→ **SOURCE RECORDS**
----------

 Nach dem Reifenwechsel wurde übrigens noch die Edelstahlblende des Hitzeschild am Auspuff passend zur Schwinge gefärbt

----------

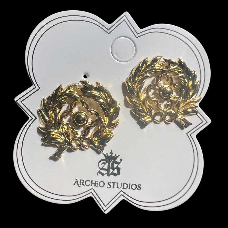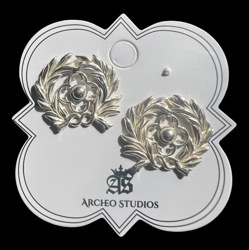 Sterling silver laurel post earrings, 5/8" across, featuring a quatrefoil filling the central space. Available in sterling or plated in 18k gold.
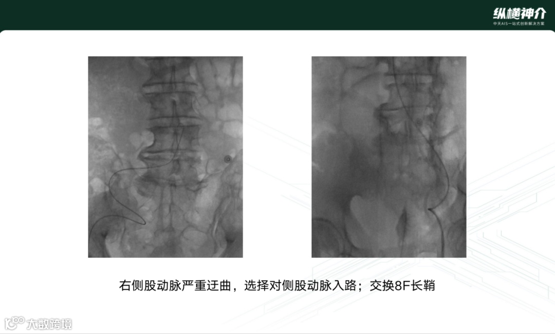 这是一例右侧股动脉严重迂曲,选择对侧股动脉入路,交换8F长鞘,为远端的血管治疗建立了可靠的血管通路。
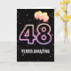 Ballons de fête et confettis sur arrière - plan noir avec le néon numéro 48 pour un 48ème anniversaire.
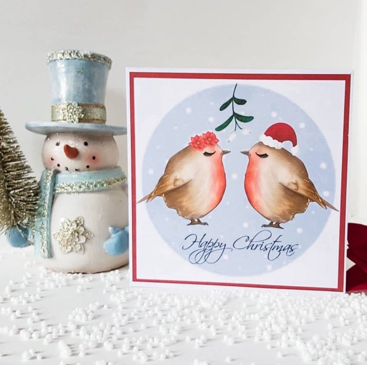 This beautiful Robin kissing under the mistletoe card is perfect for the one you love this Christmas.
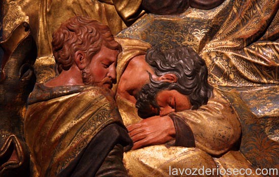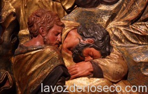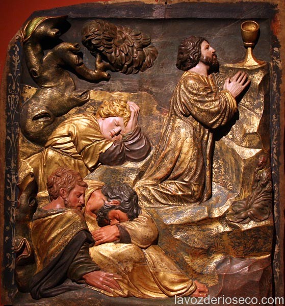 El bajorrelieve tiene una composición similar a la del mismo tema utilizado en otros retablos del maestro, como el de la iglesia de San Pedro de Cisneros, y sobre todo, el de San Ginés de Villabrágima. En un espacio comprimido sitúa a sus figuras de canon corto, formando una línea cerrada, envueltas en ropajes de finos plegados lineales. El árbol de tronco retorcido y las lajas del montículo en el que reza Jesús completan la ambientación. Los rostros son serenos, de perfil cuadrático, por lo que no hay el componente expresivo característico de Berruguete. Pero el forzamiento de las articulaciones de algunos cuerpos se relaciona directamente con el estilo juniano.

----------

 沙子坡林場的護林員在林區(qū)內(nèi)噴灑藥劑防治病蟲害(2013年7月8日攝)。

----------

→ **EXERCISE DESCRIPTION**
Keep to the stretch from the line containing "这是一例右侧股动脉严重迂曲,选择对侧股动" through the line containing "El bajorrelieve tiene", both ends included, and copy it exactly from the listing above, minus the pictures.

→ **ANSWER TO THE PROBLEM**
 这是一例右侧股动脉严重迂曲,选择对侧股动脉入路,交换8F长鞘,为远端的血管治疗建立了可靠的血管通路。
 Ballons de fête et confettis sur arrière - plan noir avec le néon numéro 48 pour un 48ème anniversaire.
 This beautiful Robin kissing under the mistletoe card is perfect for the one you love this Christmas.
 El bajorrelieve tiene una composición similar a la del mismo tema utilizado en otros retablos del maestro, como el de la iglesia de San Pedro de Cisneros, y sobre todo, el de San Ginés de Villabrágima. En un espacio comprimido sitúa a sus figuras de canon corto, formando una línea cerrada, envueltas en ropajes de finos plegados lineales. El árbol de tronco retorcido y las lajas del montículo en el que reza Jesús completan la ambientación. Los rostros son serenos, de perfil cuadrático, por lo que no hay el componente expresivo característico de Berruguete. Pero el forzamiento de las articulaciones de algunos cuerpos se relaciona directamente con el estilo juniano.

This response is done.